When Jeb reached his ranch, a full moon spilled silver beams over the sprawling land. Feeling restless, he put the car next to his black pickup in the garage and began to walk, heading toward a pasture where some of his horses were. Two of them raised their heads and came to the fence near him. He stopped to talk to them, wishing he had brought an apple with him.

He moved on, knowing sleep wasn’t going to come. How would they divide their time with Kevin? Half a month with one parent, half with the other? Weeks with one, weekends with the other? They would have to go to court, get lawyers involved and get it all settled legally, and he dreaded the entire process. The disruption in Kevin’s life wouldn’t endear him to a man who had been a complete stranger until half past five this afternoon.

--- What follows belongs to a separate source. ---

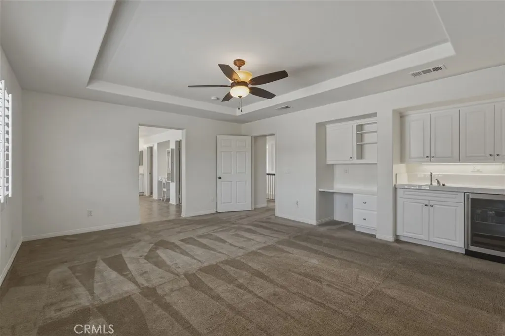 ENTERTAINERS DREAM IN MENIFEE! Welcome to this exceptional cul-de-sac residence offering approximately 3,993 sq ft of beautifully designed living space, featuring 5 bedrooms and 4 bathrooms. From the moment you step inside, a grand entry with soaring ceilings and abundant natural light creates an impressive and inviting first impression. The main level showcases elegant formal living and dining areas, perfectly complemented by a butlers pantry with a wine fridge that seamlessly connects to the kitchenideal for hosting unforgettable gatherings. The open-concept kitchen flows effortlessly into the spacious family room with a cozy fireplace, creating the perfect setting for both everyday living and entertaining. Downstairs also includes a private bedroom, a versatile office (or optional 5th bedroom), a full bathroom with shower, a dedicated laundry room, and direct garage access for added convenience. Upstairs, retreat to the luxurious primary suite featuring its own fireplace, built-in desk, and mini fridgeyour own private sanctuary. The spa-like primary bathroom offers a separate shower and expansive walk-in closets. Additional bedrooms include one with an en-suite bathroom and others thoughtfully positioned near a full bath, along with a generously sized loft perfect for a media room, playroom, or additional living space. A central vacuum system adds to the homes comfort and convenience. Step outside to your private backyard oasis, designed for year-round enjoyment. Enjoy a built-in BBQ island, covered patio with ceiling fans, a cozy fire pit, and lush grass areas perfect f

Jeb swore, striding fast, turning and going back to his house to get his running shoes. He switched on lights in his kitchen, which was big and roomy and had oak cabinets and stainless steel equipment. He thought about her tiny kitchen, remembering the times he had brushed against her. The lady sizzled effortlessly. She had an effect on him that set his pulse racing. “Think about something else,” he told himself.